Play Is Free And Legal Doping
If the LEGO brick can help children unlock their potential and create a commitment to their learning process, then why should it not do the same for adults?
This question became the catalyst for change decades ago when the LEGO company faced many challenges. The answer to this question has since helped to grow the company and to expand the minds of countless LEGO SERIOUS PLAY participants.
The method of LEGO SERIOUS PLAY was developed over 20 years ago, partly for LEGO and partly by LEGO. The company needed to revitalize itself during a period when kids all over the world had turned their backs on the small plastic bricks. Kjeld Kirk Kristiansen, LEGO’s owner, wanted a new strategy that would unleash the full potential of the leadership team.
“Kjeld had this idea that people are smart. They go to work to do well. But somehow, that intention and that potential are not fully unlocked”, says Per Kristiansen from the company Trivium—a facilitator and a trainer of LEGO SERIOUS PLAY who has worked with the method for many years.
Per joined the team very early, after the first pilots with different companies had proved the LEGO SERIOUS PLAY method worked.
“In the beginning, it was purely a strategy workshop. When we started to understand how it worked, we realised that it was not just a strategy—it was a method that could be used for many different things. LEGO SERIOUS PLAY helps people think and communicate, create solutions, and solve problems”, Per explains.
How It Works
LEGO SERIOUS PLAY works with a facilitator, such as Per Kristiansen, who asks someone a question to which they don’t know the answer, or they don’t think they do. The important thing is that it must be a question with more than one right answer.
“A question could be: What’s the value you want to create with 3daysofdesign?

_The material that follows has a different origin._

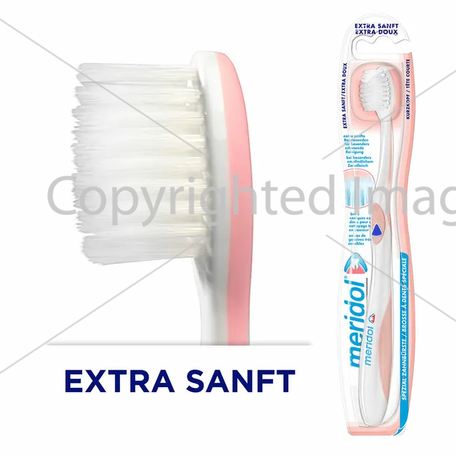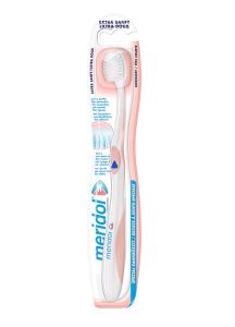 Спеціальна зубна щітка Мeridol EXTRA SOFT оснащена дуже м'якими тонкими кінчиками щетини для особливо ніжного видалення зубного нальоту у разі подразнення чутливих ясен або після хірургічних втручань.

Then, the participants in the workshop build in LEGO Bricks what they think is the right answer… What you build is for sure different to what the other members of the team build because you build a metaphorical model of your answer. You build it, and then you share your story of what you built. People listen and then ask questions about your model, but they cannot interpret your model—they need to relate to what you have said”, he says.
Maybe you have a window in your model, and perhaps that window is closed. Then another person can ask you if it means anything that the window is closed. Only you can answer the question. People see and hear your story... We often talk about ‘listening with your eyes,’” he explains.

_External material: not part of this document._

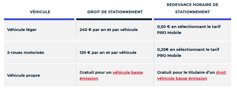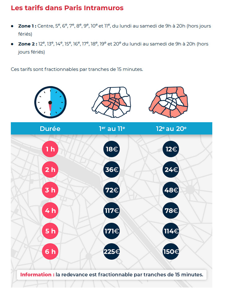 Pour les résidents et professionnels travaillant dans Paris, ça démarre bien à 1.5€ par jour pour une zone limitée (4 zones de stationnement les plus proches de l’adresse de résidence/d’activité) + un abonnement à l’année à partir de 45€ pour les pros :
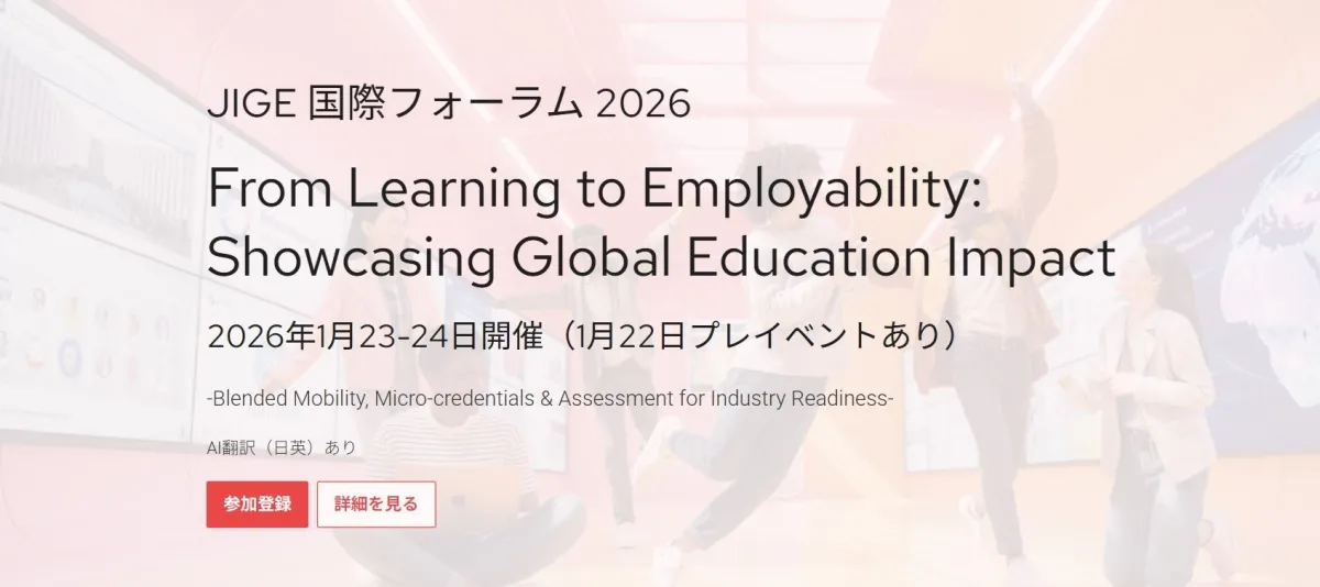 JV-Campus(Japan Virtual Campus)は、平成の風を感じさせるフレッシュな教育プラットフォームとして注目を集めています。このたび、84の国内外の大学や企業、団体が連携し、次世代の高等教育を支援するためのワークショップを、JIGE国際フォーラム2026で開催します。

When building a LEGO model, you are building answers in your head through the use of your hands. You are essentially constructing new knowledge. Working with LEGO unlocks something that would otherwise be overlooked. Even the quiet, introverted type has the time to think before they answer, and they all get to say something. In this sense, the method helps to unlock their full potential.
The Response
Some people are anxious and worried at the beginning of the LEGO SERIOUS PLAY workshops. They think they’ll fail and they say to themselves:
“I have never played with LEGO bricks”, “I have not played since I was a child”, “It took me 15 years to become the CFO of this company, now I will look like an idiot playing with LEGO!”.
On the other side of the table, you have curious participants who can’t wait to get started.

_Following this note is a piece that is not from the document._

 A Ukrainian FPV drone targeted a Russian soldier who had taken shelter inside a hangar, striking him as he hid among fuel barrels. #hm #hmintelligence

“You also have the ones who believe that this will be a complete waste of time. But surprisingly enough, they tend to become the best participants. They care about the method when they realise what it does to them; when they realise that they think differently and that other people have understood them, they become very committed”, says Per.
“If I ask you to start building, you will probably build something you have built before. But if I ask you to build the value of 3daysofdesign, you will make new connections in your brain. Suddenly, the hammer that you are holding in your hand combined with the transparent brick becomes a metaphor. Our brains think in metaphors, and we use them for communication associations”, he explains.
Metaphors are emotional tags for the brain, and often their meanings can be more tangible than mere facts. What happens next in the LEGO SERIOUS PLAY method is that your colleagues will listen, see, and hear your built metaphors, and then remember them differently.
“If you have several paths for brain attention—visual, audio and tactile—people are more likely to remember. Playing does great things and makes the brain more flexible. When you play, you release dopamine and when that happens the brain is more open, and it's easier for it to make connections”, Per says.
Feeding the Brain Through Play
A quote that Per loves is from the writer Stuart Brown, who said:
“Play is like fertiliser for brain growth. It’s crazy not to use it.”
“Of course, a person can be successful without playing, but they will not be as successful as they would otherwise have been. This fertiliser for the brain is free. It's free doping, and it's legal doping”, he says.
“You must remember to play, but you also have to remember to play well. When you play, you are imagining; not implementing. Play creates a safe space where it's okay to explore and experiment”, he explains.
The Courage To Play
According to Per Kristiansen, a workshop with LEGO SERIOUS PLAY requires two things:
“It requires a courageous manager because it takes courage to bring in play, and it takes courage to listen to other people; it’s easy to ask a question but it's hard to listen. It also takes a complex problem with many elements we need to understand, and more than one correct answer." Per goes on to say: “When you are handling ambiguity, managing complexity, and creating in those cases, I cannot see how you can manage without play.”
He remembers another important quote from the writer and Nobel Prize winner George Bernard Shaw (1856-1950) who said:
"We don't stop playing because we grow old; we grow old because we stop playing."